The Vision Development Module contains all the algorithms you need to tackle the most demanding vision challenges, allowing you to avoid researching, purchasing, and maintaining multiple software packages. Furthermore, deploying applications is very inexpensive – with a single vision deployment license, you can deploy executables using any number of vision algorithms. In addition, the NI CompactVisionSystem includes all the licenses needed to deploy your applications. Therefore, regardless of how much NI CompactVision System you use, you only need to purchase one copy of the VisionDevelopment Module or VisionBuilderAI.
8. Partners and integrators
NI manufactures hardware and software for image processing and machine vision.
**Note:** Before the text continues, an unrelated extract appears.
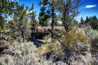 The area near the cave entrance is dominated by Western juniper and Ponderosa pine with big sagebrush, bitterbrush, mountain mahogany, rabbitbrush, and a variety of desert grasses as the main ground cover. Common grasses in this area include Idaho fescue, bunch grass, and bluebunch wheatgrass.[10]
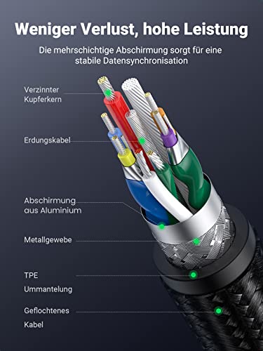 Die Verarbeitung des UGREEN Kabels ist erstklassig. Eine Nylonummantelung und ein Aluminiumgehäuse sorgen für Schutz und Langlebigkeit. Die vergoldeten Stecker verbessern die Signalqualität und verhindern Korrosion, was eine lange Lebensdauer gewährleistet.

Because NI does not manufacture lighting, cameras, and optics, the company works closely with other specialists.
Over the past decade, NI's vision products have helped meet thousands of different application challenges, from inspecting automotive parts to assisting cancer research. While NI vision tools are designed for end users, larger applications may require expert vision assistance. To help you with application development, NI collaborates with over 1,000 NI Alliance partners who can help you select the right components or build a complete turnkey solution for you.
9. Technical Support
While NI vision software is designed to be easy to use, getting help when you need it is crucial. NI sells vision software directly to its customers and provides direct product support. Resellers or third parties are never intermediaries between you and qualified NI engineers. When you need an expert, you can contact one of hundreds of application engineers by phone or email.